Objetivo central da autora
p. 18-19 – Pretendo demonstrar que, ao contrário do que até agora tem sido opinião
corrente, a IC não passou de ator coadjuvante no drama de novembro de 1935 – que
não planejou nem sugeriu –, mantendo sobre as anunciadas possibilidades
revolucionárias uma expectativa conveniente. Além do mais, na segunda metade de
1935, houve uma total dissonância entre as posições políticas do PCB (com seus
constantes chamamentos à luta armada) e a política preconizada pela IC a partir de
seu VII Congresso (de amplas frentes populares). Não deixo de considerar a forte
influência da IC na vida política, na “Modelagem” ideológica e na vida orgânica do
PCB, mas pretendo ultrapassar o viés exogenista, que consiste em atribuir os
acontecimentos de novembro de 1935 exclusiva ou principalmente a diretivas e
influências externas, fixando-me em seus condicionamentos nacionais amplamente
preponderantes: as tradições políticas e a mentalidade dos diversos setores,
grupos e classes que atuavam na sociedade brasileira da época.

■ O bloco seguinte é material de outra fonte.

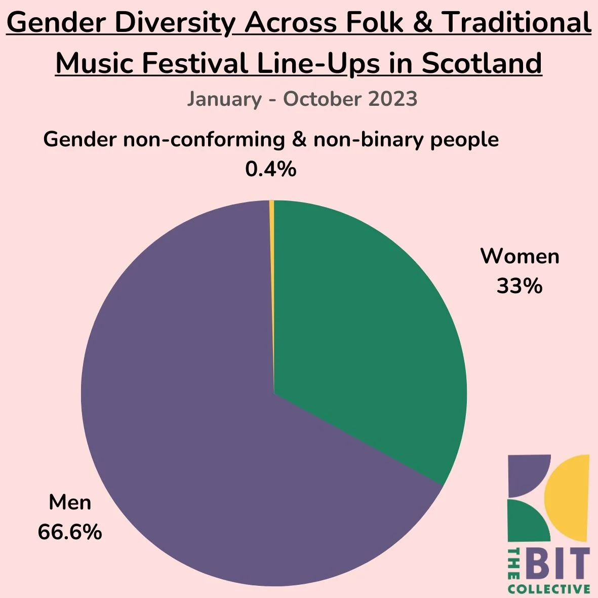 Fair Plé’s ‘Festival Line-Up Challenge’, which explored the (lack of) gender diversity among performers at folk and traditional music festivals in Ireland, found that across 40 festivals analysed, women made up only 36.2% of performers. We thought it would be useful to do some digging into the situation in Scotland.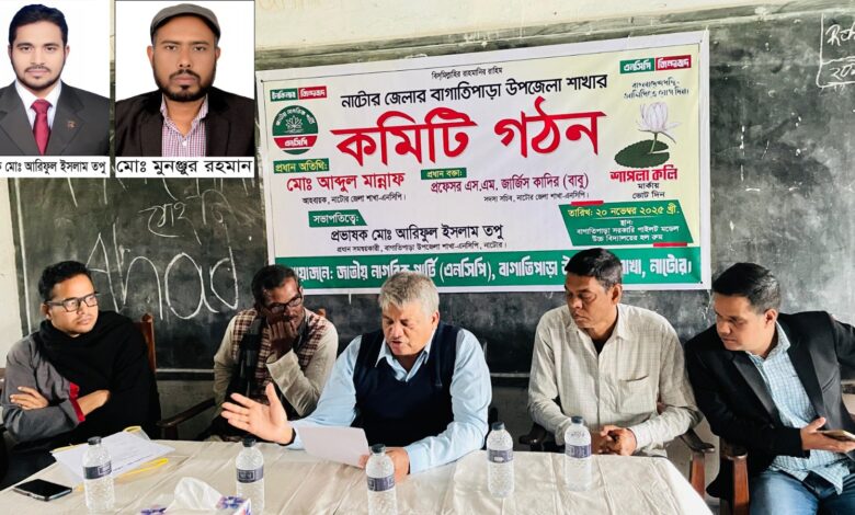 নাটোর প্রতিনিধি: নাটোরের বাগাতিপাড়ায় জাতীয় নাগরিক পার্টির (এনসিপি) আহবায়ক কমিটি গঠন করা হয়েছে। বৃহস্পতিবার (২০ নভেম্বর) বিকেলে বাগাতিপাড়া সরকারি পাইলট মডেল উচ্চ বিদ্যালয় হলরুমে উপজেলা শাখার এ কমিটিতে প্রভাষক আরিফুল ইসলাম তপুকে আহবায়ক ও মুনজুর রহমানকে সদস্য সচিব করে ৫১ সদস্য বিশিষ্ট আহবায়ক কমিটি ঘোষণা করেন এনসিপির নাটোর জেলা কমিটির আহবায়ক মো. আব্দুল মান্নাফ।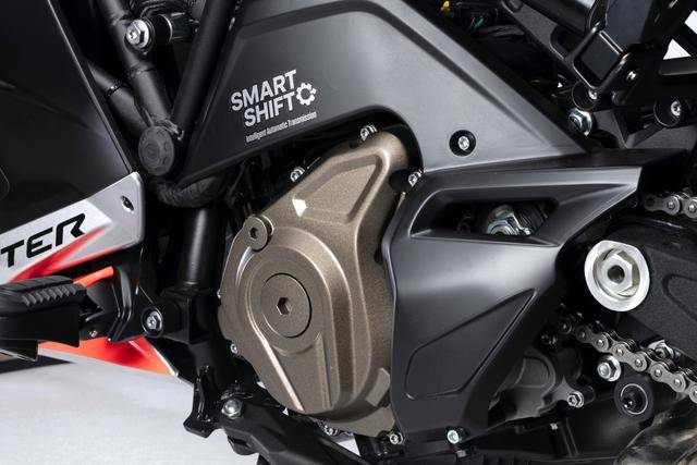 2、標(biāo)志性的裝備之一,是六檔的變速齒輪箱配備了名為 SmartShift(Intelligent Automatic Transmission,智能化自動(dòng)變速齒輪箱)的自動(dòng)換檔系統(tǒng),該系統(tǒng)去掉了慣常左手的離合器和左腳換檔桿,內(nèi)置了以 ECU 控制的電子離合器和齒輪動(dòng)作控制結(jié)構(gòu),實(shí)現(xiàn)智能化的自動(dòng)換檔、或者是無離合操作之下的手動(dòng)換檔(通過位于左邊車把上的 +/- 按鍵進(jìn)行手動(dòng)換檔)。廠方稱,該系統(tǒng)將手動(dòng)變速箱的精度、與全自動(dòng)變速箱的便利性融為了一體;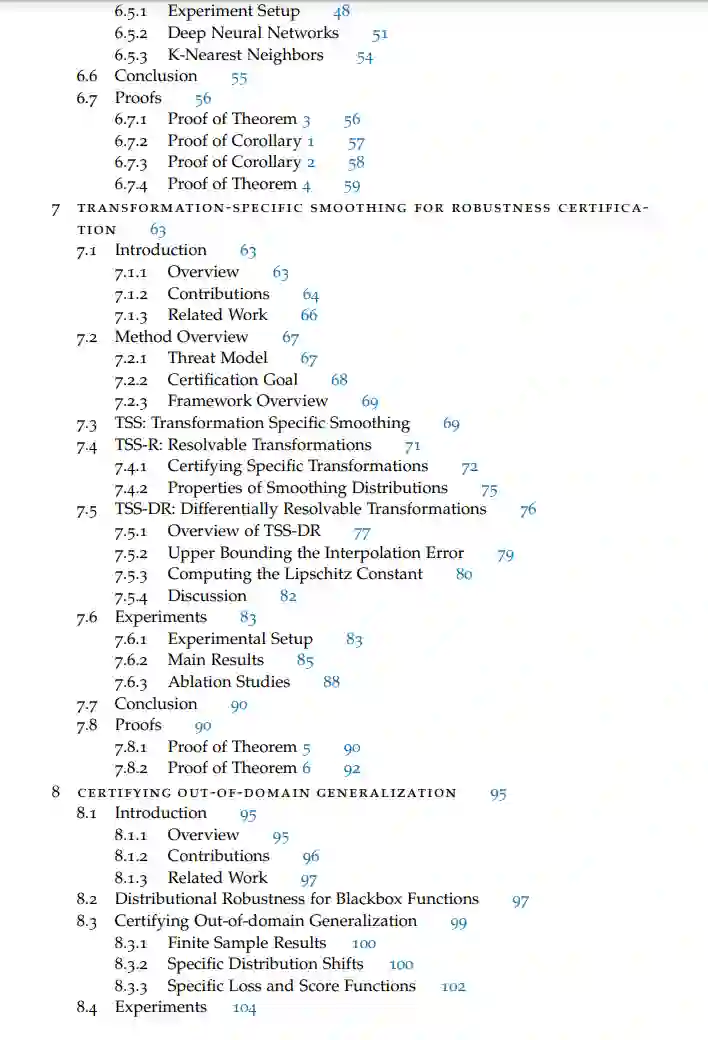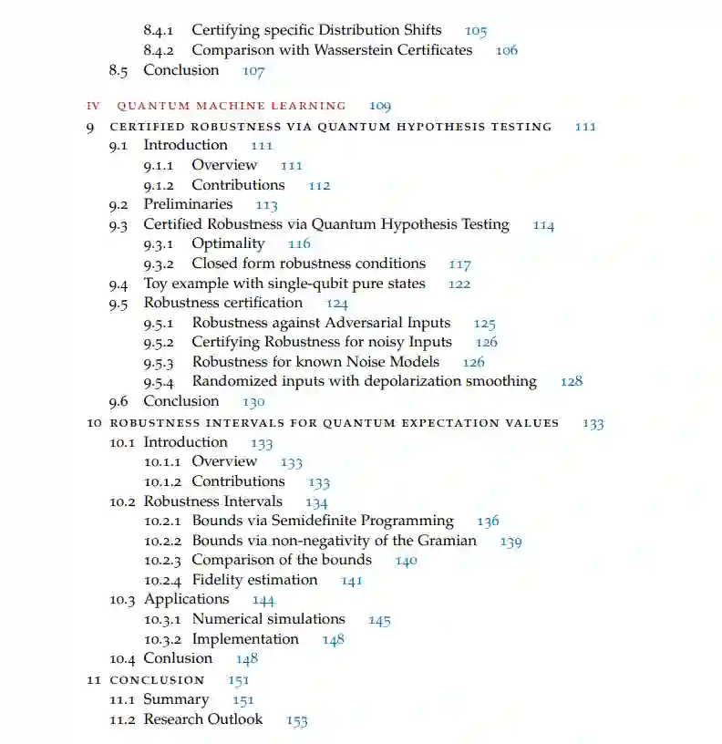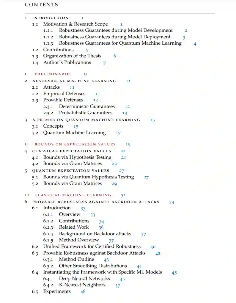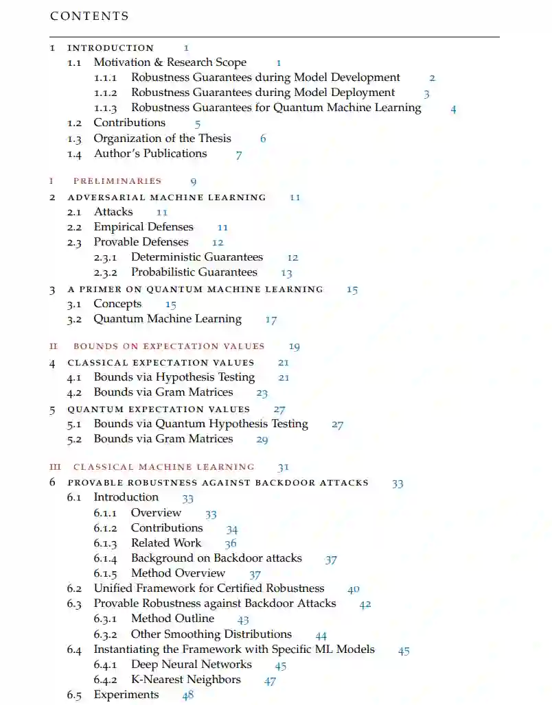 广泛采用的机器学习(ML)系统开启了一个前所未有的机遇时代,转变了行业、医疗保健和整个社会。然而,与这些机遇并存的是,ML面临着需要全面理解并充分解决的重大挑战。ML系统的内在复杂性使它们容易受到各个阶段的广泛对抗攻击和不确定性的影响。这些脆弱性源自ML系统运作的动态和不可预测的环境,其中输入数据的微小扰动可能导致灾难性的后果。此外,量子计算的出现及其最终整合到ML系统中引入了沿着新的维度的额外脆弱性。因此,开发能够保证ML系统韧性的方法学至关重要。这篇论文致力于开发概率鲁棒性保证,解决在ML流程的不同阶段出现的脆弱性问题,涵盖模型开发(包括训练和数据整理)和模型部署。此外,这些保证扩展到经典和量子计算框架,承认量子计算引入到ML领域的独特挑战和机遇。本论文的贡献有三方面:首先,我们关注模型开发阶段出现的对抗攻击,并开发了RAB,这是一个针对后门攻击(一种特定的数据投毒攻击)的可证明鲁棒的训练过程。我们的方法是基于从Neyman-Pearson引理衍生的概率鲁棒性保证的扩展,并基于对训练数据和测试实例进行平滑处理。除了这一扩展,我们还提出了针对特定模型类型所需的几项优化,使我们的方法能够有效应对常见的大规模数据集。除了方法的理论开发外,我们还在表格数据和计算机视觉数据集上展示了广泛的实验结果,并显示我们的鲁棒训练流程不仅提高了经验鲁棒性,而且提供了一个概率证书,保证了后门攻击已经失败。其次,我们将注意力转向模型部署阶段,并考虑来自语义转换以及数据分布变化的输入扰动。语义转换通常由低维参数空间(例如,旋转角度)控制,并在ℓp范数方面引起大量图像损坏。这使得传统的概率鲁棒性保证(提供对扰动幅度的界限)变得无效。为了解决这个问题,我们提出了TSS,一个针对来自语义扰动的输入损坏的鲁棒性认证框架。TSS利用Neyman-Pearson方法的随机平滑技术,并对变换参数进行平滑处理。结合新技术以限制插值误差和几种特定变换的认证方法,TSS为大量语义转换设定了新的最先进水平。与此工作线相对的,我们研究了ML系统对数据分布变化的鲁棒性,并与之前的结果相比,采取了基于人口的视角。我们在这里提出的保证不是针对特定实例的鲁棒性,而是通过界定训练分布周围的ϵ-球内任何分布上的最坏情况人口损失来呈现域外泛化的保证。与以前的方法不同,我们的方法只需要对模型函数的黑盒访问,因此可以扩展到大型模型,如EfficientNet-B7和BERT。在计算机视觉和自然语言基准测试上的多样化实验中,我们展示了我们的界限准确捕捉了由数据分布变化引起的最坏情况性能变化。第三,我们为量子ML开发了鲁棒性保证,我们覆盖了对抗案例和由自然噪声和退相干引起的输入损坏。为此,我们首先为量子分类器提出了一个鲁棒性保证,我们将Neyman-Pearson方法扩展到量子领域。有趣的是,由于从量子电路读出的固有概率性质,这一保证作为量子分类器的一般属性而存在,不需要像经典ML模型那样主动注入噪声进行平滑。最后,在噪声中等规模量子(NISQ)算法的开发阶段,自然噪声和退相干可能是比对抗场景更重要的障碍。作为最后一步,我们考虑了理想量子态的近似,其中近似误差可能来自噪声,或来自算法缺陷,如Ansätze的有限表达性。然后,我们扩展了基于量子假设测试(QHT)和格拉姆矩阵的非负性的技术,以导出量子期望值最坏情况误差的界限。在数值模拟中,我们研究了变分量子本征求解器(VQE),并在几个与量子化学相关的问题上验证了我们的界限。

1º cap.: principais personagens dos acontecimentos: Luiz Carlos Prestes, o PCB e o ator
coadjuvante, a Internacional Comunista
Compreensão geral dos movimentos armadas de novembro de 35 a partir da trajetória
desses personagens
2ª parte: visão do clima político da época, com a formação da ANL, os encontros da
direção do PCB com representantes da IC e Prestes, no final de 34, a decisão de prestes
voltar ao Brasil (estava em Moscou) e a vinda de assessores da IC; ATUAÇÃO dos
“tenentes de esquerda”
3ª – levantes no Rio Grande do Norte, em Recife e Rio de Janeiro, mostrando as suas
diferenças em relação a motivações, seus cursos específicos e a participação popular
neste. Além disso, os detalhes sobre a situação do PCB e de Prestes nos três meses que
decorreram da derrota dos movimentos à prisão do “Cavaleiro da Esperança”: a
expectativa de novos levantes, a tentativa de criança de guerrilhas, a clandestinidade e as
falsas avaliações que levaram ao assassinato de Elvira Copelo Coloni, Elza, a jovem
ingênua mulher do secretário-geral.
Sobre fontes
p. 19-20 – Na pesquisa das insurreições de novembro de 1935, utilizei principalmente
fontes primárias escritas, sendo a mais importante: 1) Processos-crimes referentes à
“Intentona Comunista”, instaurados pelas polícias civis e militares dos estados, pelos
ministérios da Guerra e da Marinha e reunidos no final de 1936 no Tribunal de Segurança
Nacional; 2) documentos do Partido Comunista do Brasil de 1924 a 1940, especialmente
dos anos de 1934 a 1936: jornais, revistas, informes, balanços, circulares, atas de
reuniões, correspondência, balancetes, panfletos etc.; 3) documentos da ANL: manifestos,
programa, cartas, panfletos, circulares, formação de diferentes núcleos etc.; 4)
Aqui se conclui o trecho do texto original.